▶ Task goal: Write out each line of the entries below that holds the word "zuten".

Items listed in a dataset
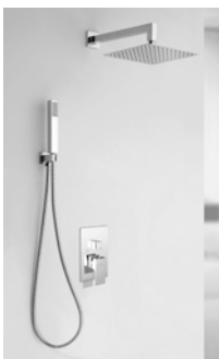
SET León CROMO Monomando 201 € + IVA pag 174
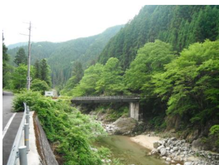
写真3 No.2 地点 上村川上流 明林橋
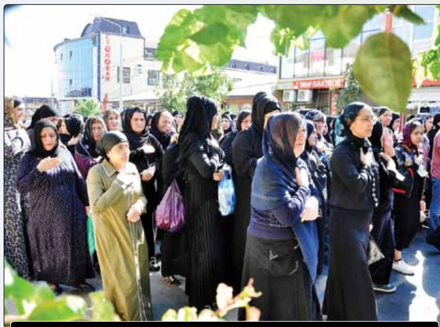
دسته عزاداری عاشورا در شهر دربند در جمهوری داغستان روسیه

همه‌گیری کرونا و قرنطینه سخت و سخت چند ماهه اخیر مانع از آن نشد که در گوشه و کنار اروپا، مجالس سوگواری حسینی با رعایت پروتکل‌های بهداشتی برپا نشود. تشکیل هیأت متعدد در بریتانیا، نوحه‌خوانی شب عاشورا به زبان دانمارکی در مسجد امام علی (ع) کپنهاگ، برگزاری مجالس عزای مرکز اسلامی اهل بیت (ع) در زوریخ سوییس و ورشو لهستان، برگزاری مراسم تاسوعا در فضای باز مرکز اسلامی برلین و برپایی ایستگاه عاشورا در شهر استاونگر نروژ در رسانه‌ها بازتاب داشته است.
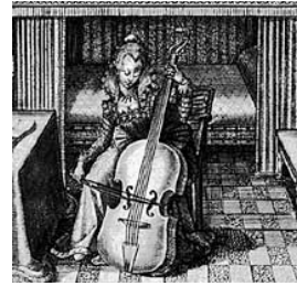
Violone spielende Dame, spätes 16. Jh.

wie beispielsweise in Sonaten von Giovanni Paolo Cima oder Dietrich Buxtehude beschäftigt sich der Studiengang mit der Vielzahl interessanter Solowerke für Streichbassinstrumente des 17. Jahrhunderts. Neben Stücken für „ Basso solo “ wie die Canzoni von Girolamo Frescobaldi – der kein bestimmtes Instrument zur Ausführung seiner Kompositionen festlegte – entstanden solistische Werke für Violone von verschiedenen Komponisten wie beispielsweise Giovanni Battista Vitali unter dem Titel Partite sopra diverse Sonate par il Violone sowie von Guiseppe Colombi Toccata und Chiaccona à Violone solo , Antonio Gianettis Sonata à Violone solo aus Balli e Sonate und Francesco Rognonis Suwana
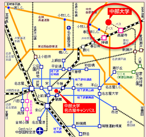
中部大学 (春日井市松本町 1200)

日時： 6月15日(土) 午後1:15~4:30 (12:30~受付開始) 場所： 中部大学春日井キャンパス (不言実行館2階) アクセス： J R中央線「神領」駅下車、北口中部大学バス停より 直通バスにて10分 (12:10, 12:30 12:50 発) 車の場合は、正門から入り指定の駐車場へ 内容： AIと英語教育の関係に関する実践報告、シンポジウム 参加費： 無料 参加方法： 当日会場まで (事前申込の必要はありません) 希望者にはオンライン配信を予定 (要事前連絡) 問い合わせ： 0568-51-7248 shioz@isc.chubu.ac.jp
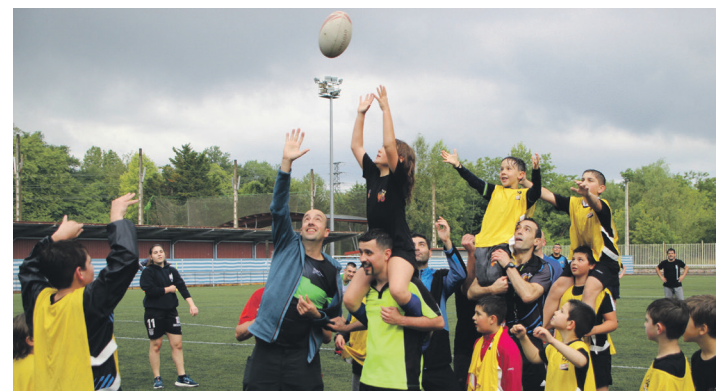
Errugbi eskolako haurrek zein senideek ederki gozatu zuten goizean. TXINTXARRI

Eta amaitzean guztiek hirugarren denboraz gozatu ahal izan zuten.
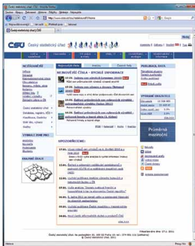
Aktuální podoba úvodní stránky Českého statistického úřadu.

Novou podobu dostal Ceník informačních služeb a produktů . Obsahuje jak úplný seznam nabízených služeb, databází a výběrů z nich, tak i ceník všech nabízených publikací.
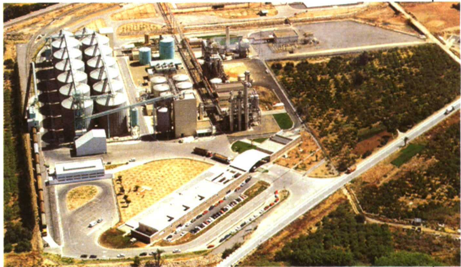
Planta de bioetanol para usos energéticos propiedad de Ecocarburantes del Grupo Abengoa.

bustible directo. Las materias primas se obtienen a partir de cultivos alcoholígenos que pueden ser productores de azúcar, almidón o celulosa, según el proceso que se emplee para la obtención del mosto azucarado previo a la fermentación alcohólica. En la actualidad, el bioetanol se está produciendo a partir de materias primas convencionales, tales como la remolacha, la caña de azúcar (en países tropicales) o el grano de cereales, pero es de esperar que en un futuro se desarrollen nuevos cultivos más adecuados y rentables para esta finalidad. Dos plantas industriales de 100.000 m 3 de producción anual de etanol cada una, ya están operando en nuestro país y una tercera entrará en producción próximamente (foto 2). Cada planta de éstas requiere un suministro anual de materia prima que produzca el equivalente a 200.000 t de azúcar. Si la base fuera cereal de secano, y teniendo en cuenta que para producir 1 litro de etanol se necesitan aproximadamente 2,7 kg de grano, sería necesario cultivar 100.000 ha de cereal de secano (producción media 2,7 t/ha) para poder abastecer completamente a una de estas plantas.
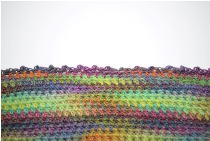
13. Hekle også kanten på motsatt side av tubeskjerfet.
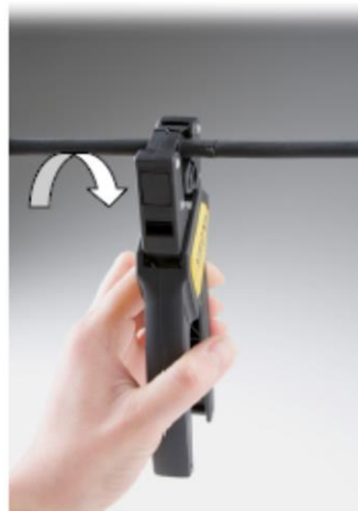
Rundschnitt links und rechts vom Längsschnitt durch 1/4 Drehbewegung der Zange
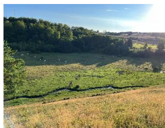
Vacker utsikt från Söndre Backe
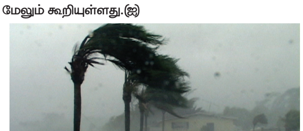
மேலும் கூறியுள்ளது. (ஐ)

தென்மேற்கு வங்காள விரிகுடாவில் உருவாகிய சூறாவளி வடக்கு - வடமேற்கு திசையில் இலங்கையை விட்டு விலகி நகரக்கூடிய சாத்தியம் காணப்படுகின்றது. இதன் தாக்கம் நேற்றிலிருந்து படிப்படியாகக் குறைவடையும் என எதிர்பார்க்கப்படுவதாக வளிமண்டலவியல் திணைக்களம் விடுத்த அறிக்கையில் தெரிவிக்கப்பட்டுள்ளது. நாடு முழுவதும் சீரான வானிலை நிலவும். ஓரளவு குளிரான வானிலையும் எதிர்பார்க்கப்படுவதாக அது
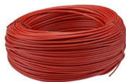
PRZWÓD YLgY PODWÓJNA OTULINA
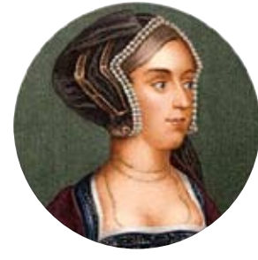
Catalina de Aragón
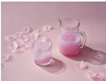
野田焼売店 カクテル「パステル・ピンク」 960 円 (税込) /

人気のボロネーゼに春野菜をあしらったイタリアンなお弁当です。おしゃれなお花見のお供にどうぞ。お子さまにもおすすめです。
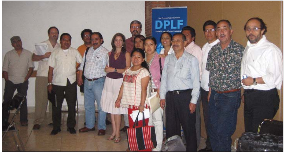
> Clausura de la reunión

(migración, descentralización, correlación de fuerzas políticas, etc.) ocasionando que el sistema tradicional de arreglos esté en crisis. Por ello es necesario dar mayor preeminencia a la realidad. Si se tiene esta flexibilidad, como se mostró en el caso de Santa Ana del Valle, el uso estratégico del Derecho puede apoyar los procesos de autonomía, no como la defensa rígida de un sistema, sino como el derecho que tiene la comunidad de decidir cómo llevar su vida; lo que ayudaría a evitar el estallido de violencia o a que los conflictos se encaucen institucionalmente.
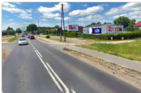
TORUŃ UL. OLSZTYŃSKA
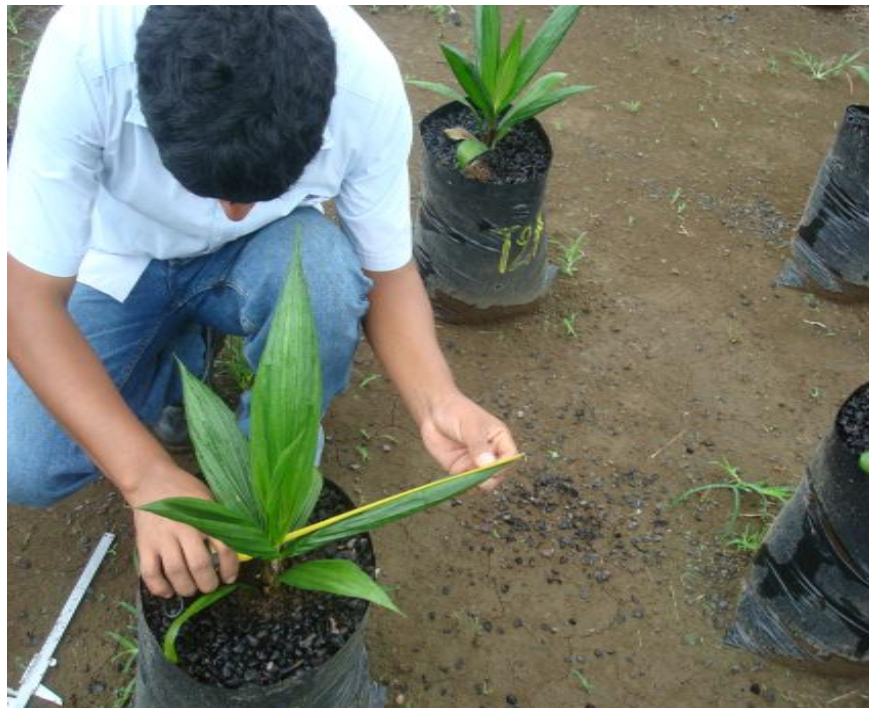
Figura 8. Medición de la hoja número 4. Shushufindi, 2012.
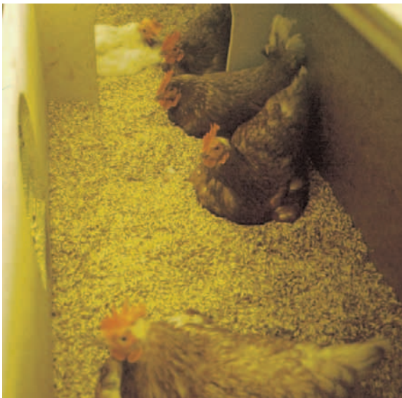
Hühner legen ihre Eier an einem geschützten Ort ab. Sie bevorzugen eingestreute Nester.

In der freien Natur legen Hennen Eier, um sie nachher auszubrüten. Die Henne sucht sich einen geschützten Ort abseits der Gruppe und polstert ihn mit etwas Gras und Laub zu einem weichen Nest aus. Jeden Tag oder jeden zweiten legt die Henne in den Morgenstunden ein Ei ins Nest, bis etwa sechs bis acht Eier gelegt sind. Manchmal werden auch von anderen Hennen Eier hinzuge-

▶ Response area:
Errugbi eskolako haurrek zein senideek ederki gozatu zuten goizean. TXINTXARRI
Eta amaitzean guztiek hirugarren denboraz gozatu ahal izan zuten.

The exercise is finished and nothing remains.